Queen consort of Goguryeo
- Tenure: 37 – 18 BC

Queen dowager of Paekche
- Tenure: 18 – 6 BC
- Born: 66/7 BC Buyeo
- Died: 6 BC (aged 61) Paekche
- Spouse: Wutae Dongmyeong of Goguryeo
- Issue: Biryu Onjo
- Father: Yeon Ta-bal

Korean name
- Hangul: 소서노
- Hanja: 召西奴
- RR: Soseono
- MR: Sosŏno

= Soseono =

Wife of Dongmyeong Goryeo (66/7 – 6 BC)

Soseono (66/7 – 6 BC) or Yeon Soseono was the second wife of King Dongmyeong and a key figure in the establishment of both Goguryeo and Paekche. She was the mother of Biryu and Onjo.

== Establishment of two kingdoms ==
The traditional account from the Annals of Paekche section in the Samguk Sagi states that Soseono was the daughter of Yeon Ta-bal, a wealthy influential figure in Holbon and the second wife of Jumong. The same source states that the chief of the Habaek tribe had given his daughter, Lady Ye, in marriage to Jumong and she was his first wife. Soseono's first husband was Wutae.

After Jumong's eldest son, Yuri, and Yuri's mother, Lady Ye, who were both presumed to have died, returned to Goguryeo, Yuri became the crown prince.
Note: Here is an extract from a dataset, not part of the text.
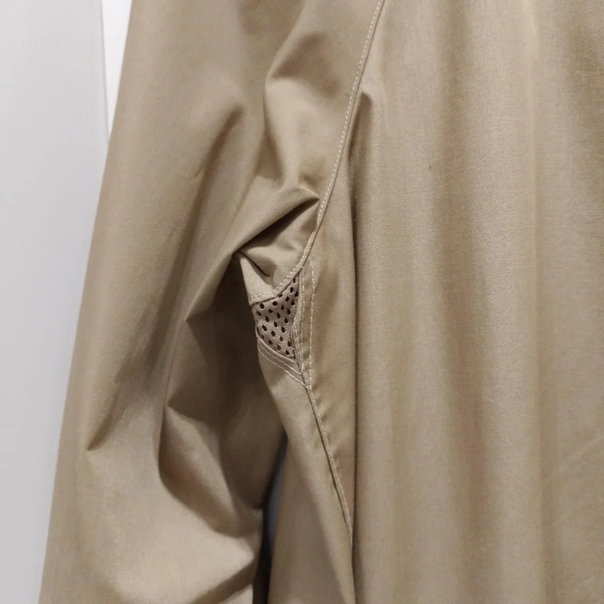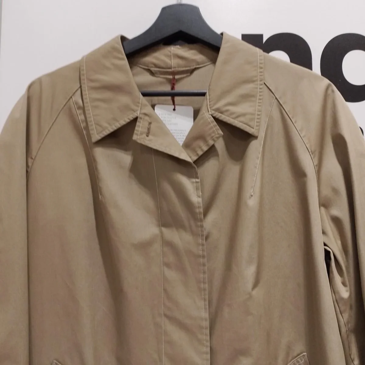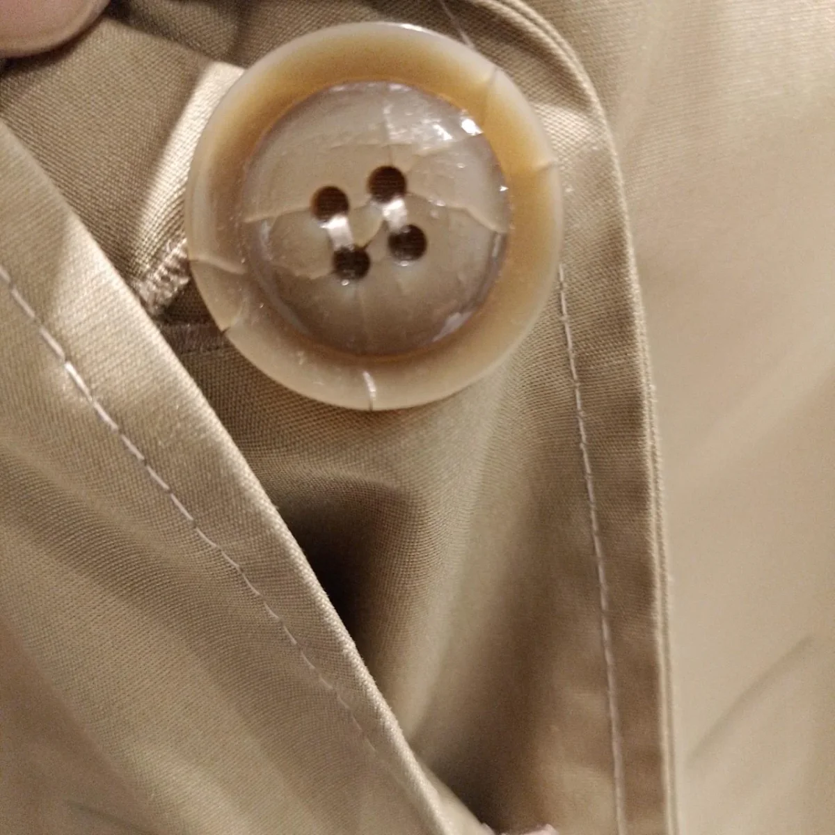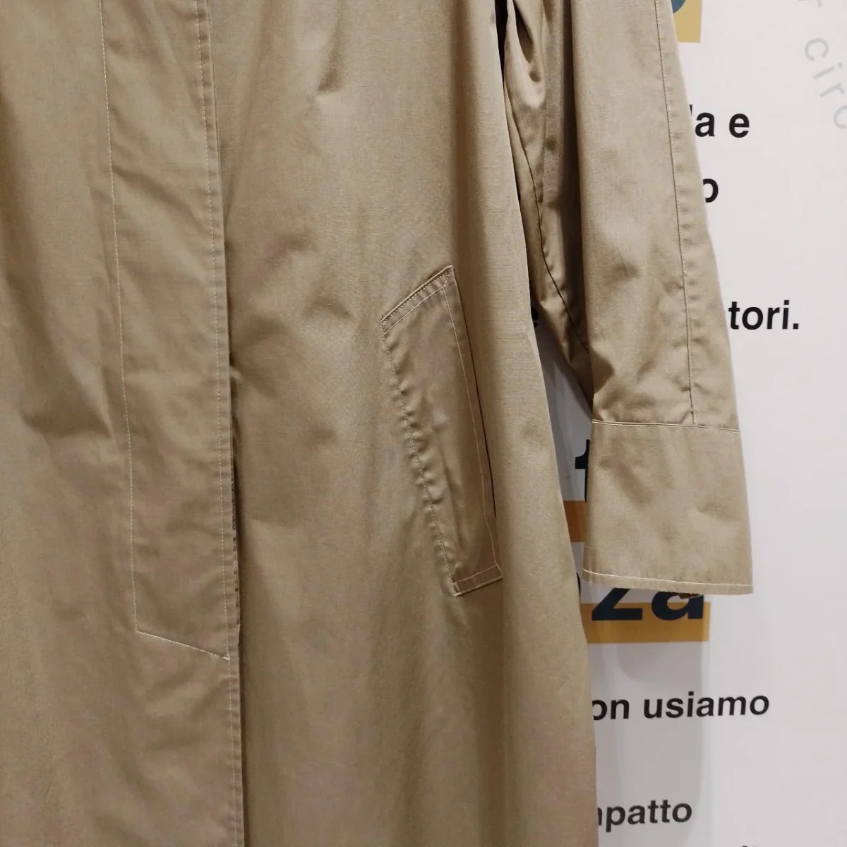Trench Vintage. Marca Nino Sepic. Taglia non presente ma a vista una L. La particolare composizione del tessuto che è 67% Diolen (fibra in poliestere) e 33% Cotone fà sì che il tessuto sia molto resstente ed inalterabile nel tempo. Colore Verde Armi chiaro. Il collo è classico con il rever piccolo e chiudibile, eventualmente, da un bottone sotto al bavero. Le maniche raglan regalano un confortevole indosso, inoltre, sotto le ascelle due piccoli triangoli di tessuto retinato aiutano la traspirazione. I quattro bottoni frontali in tonalità di colore e la finta che, una volta allacciato il capo, li cela. Due profonde tasche a filetto diagonale ed evidenziate dalla pattina. Nel retro uno spacco sormontato di cm. 27 agevola nella seduta e nel passo. I bottoni presentano delle piccole setolature, come da foto. Buone condizioni.

Soseono left Goguryeo and took her two sons, Biryu and Onjo, south to found their own kingdom, Paekche.

==Death==
- According to the Samguk Sagi, Soseono died in 6 BCE at the age of 61 during the 13th years reign of her second son as the first king of Paekche.

==In popular culture==
- Portrayed by Han Hye-jin in the 2006–2007 MBC TV series Jumong.
- Portrayed by Jung Ae-ri in the 2010–2011 KBS1 TV series The King of Legend.
- Portrayed by Woo Da-young in the 2017 KBS TV series Chronicles of Korea.